» What is needed:
Among the entries below, only the lines from the one with "The Dog Gone" through the one with "Плакат 1913 года: демонстрация" are wanted, reproduced exactly. Pictures are not wanted.

» Given data:
══════════

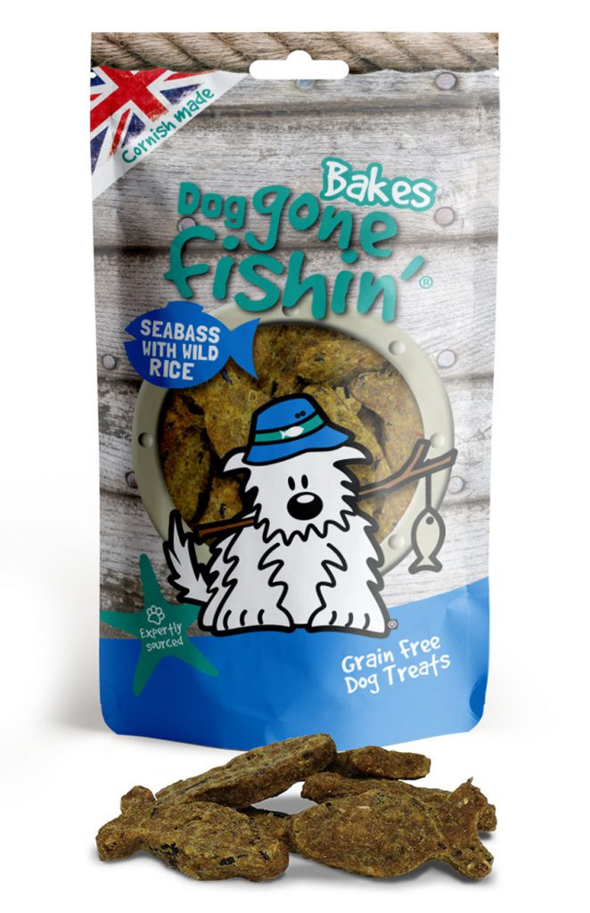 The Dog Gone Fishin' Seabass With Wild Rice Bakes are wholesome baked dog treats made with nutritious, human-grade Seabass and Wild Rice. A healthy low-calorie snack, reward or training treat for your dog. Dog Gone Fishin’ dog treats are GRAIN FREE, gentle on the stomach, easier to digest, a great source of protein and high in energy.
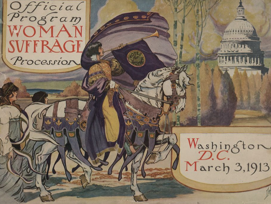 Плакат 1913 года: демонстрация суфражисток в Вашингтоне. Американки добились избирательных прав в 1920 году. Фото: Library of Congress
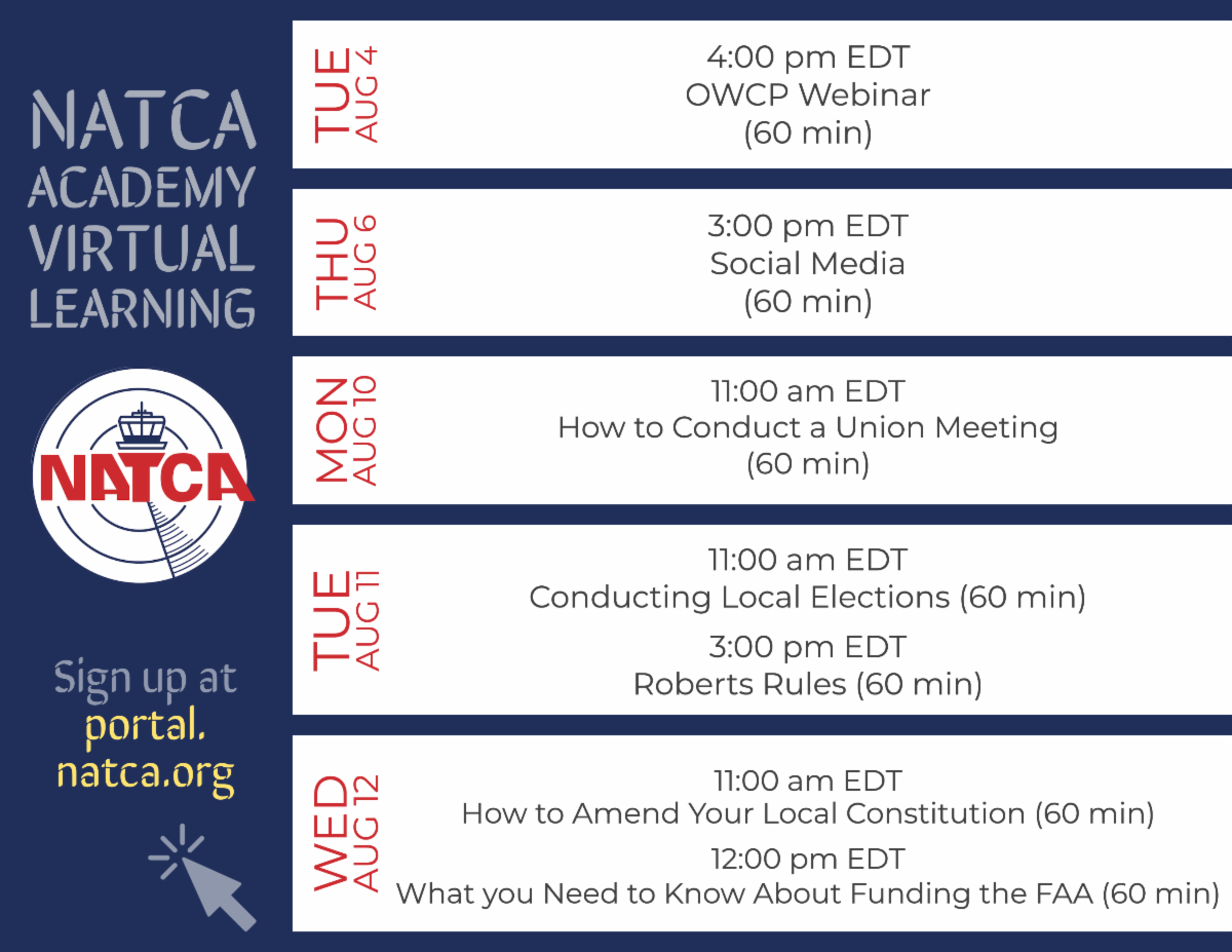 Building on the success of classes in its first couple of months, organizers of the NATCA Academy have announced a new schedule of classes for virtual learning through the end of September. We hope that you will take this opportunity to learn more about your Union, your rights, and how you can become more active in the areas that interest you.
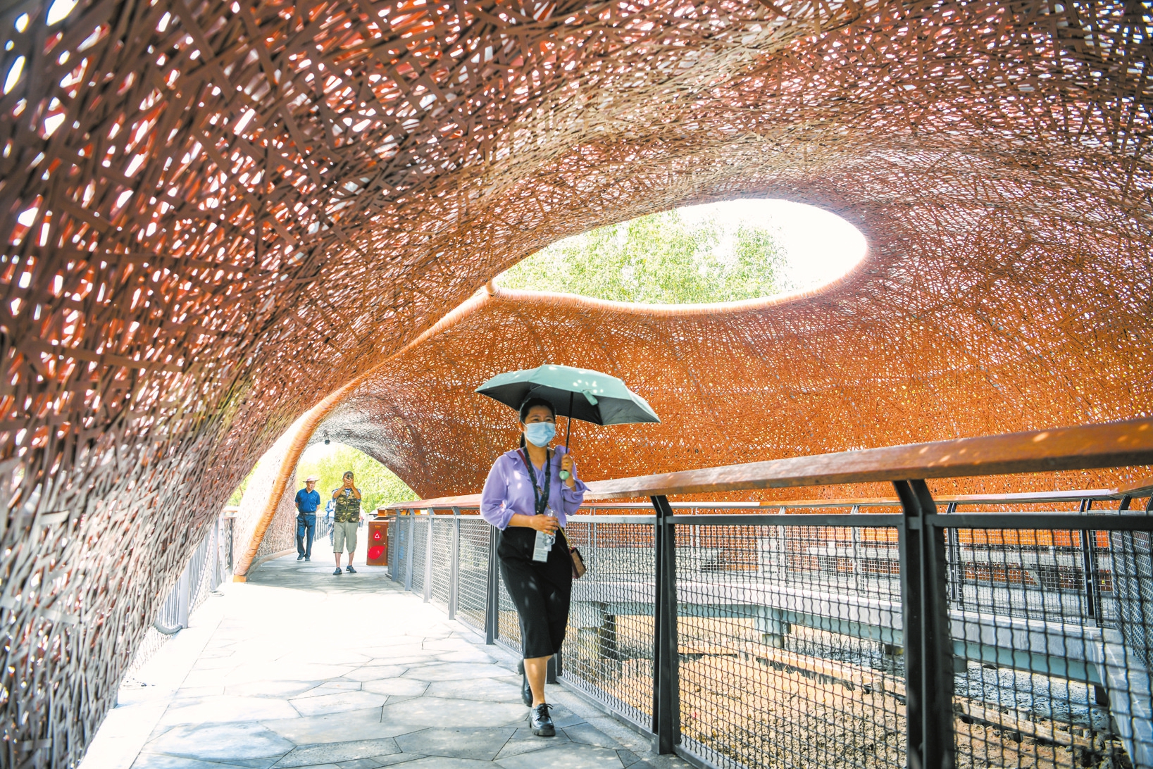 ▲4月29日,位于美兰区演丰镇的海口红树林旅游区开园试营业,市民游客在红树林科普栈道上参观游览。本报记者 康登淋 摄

══════════

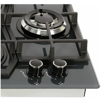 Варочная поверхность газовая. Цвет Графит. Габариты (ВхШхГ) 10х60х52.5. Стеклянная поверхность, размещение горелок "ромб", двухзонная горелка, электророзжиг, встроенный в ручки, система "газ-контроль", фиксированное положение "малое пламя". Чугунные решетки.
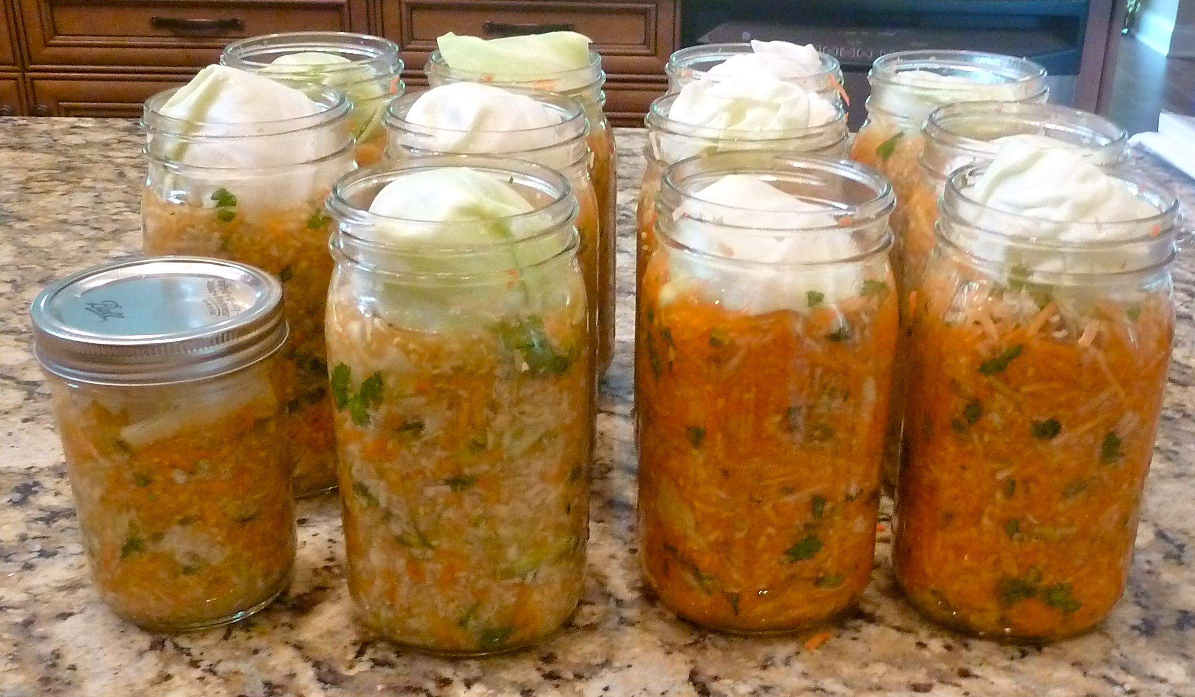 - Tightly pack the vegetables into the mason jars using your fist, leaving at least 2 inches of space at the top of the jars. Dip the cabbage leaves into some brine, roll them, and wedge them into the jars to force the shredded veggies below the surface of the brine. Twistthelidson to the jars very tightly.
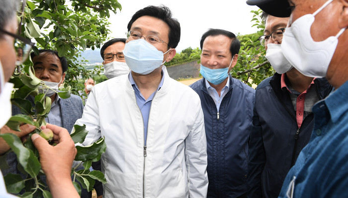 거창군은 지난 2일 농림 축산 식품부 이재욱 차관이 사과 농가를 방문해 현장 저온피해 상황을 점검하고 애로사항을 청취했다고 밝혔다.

══════════

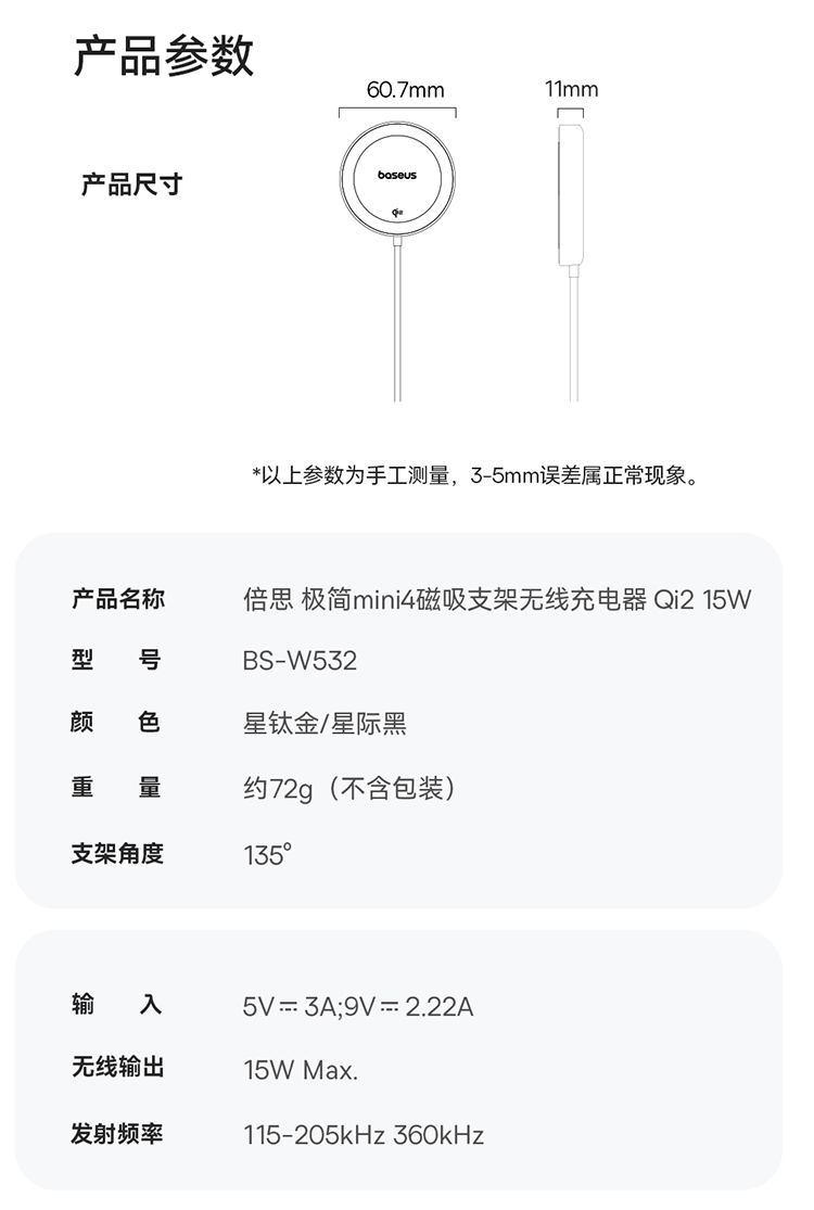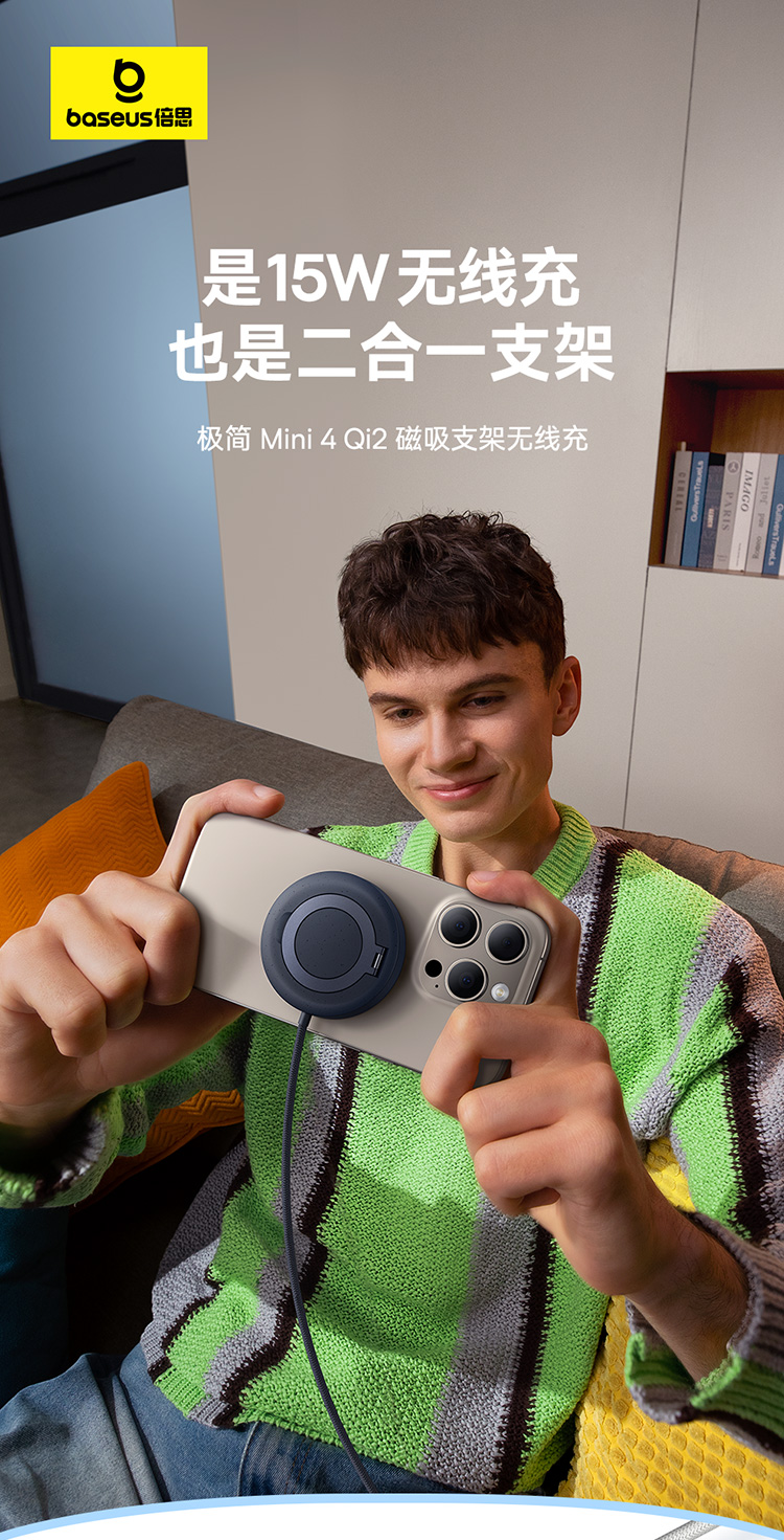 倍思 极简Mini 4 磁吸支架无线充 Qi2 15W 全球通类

══════════

» Finished task:
 The Dog Gone Fishin' Seabass With Wild Rice Bakes are wholesome baked dog treats made with nutritious, human-grade Seabass and Wild Rice. A healthy low-calorie snack, reward or training treat for your dog. Dog Gone Fishin’ dog treats are GRAIN FREE, gentle on the stomach, easier to digest, a great source of protein and high in energy.
 Плакат 1913 года: демонстрация суфражисток в Вашингтоне. Американки добились избирательных прав в 1920 году. Фото: Library of Congress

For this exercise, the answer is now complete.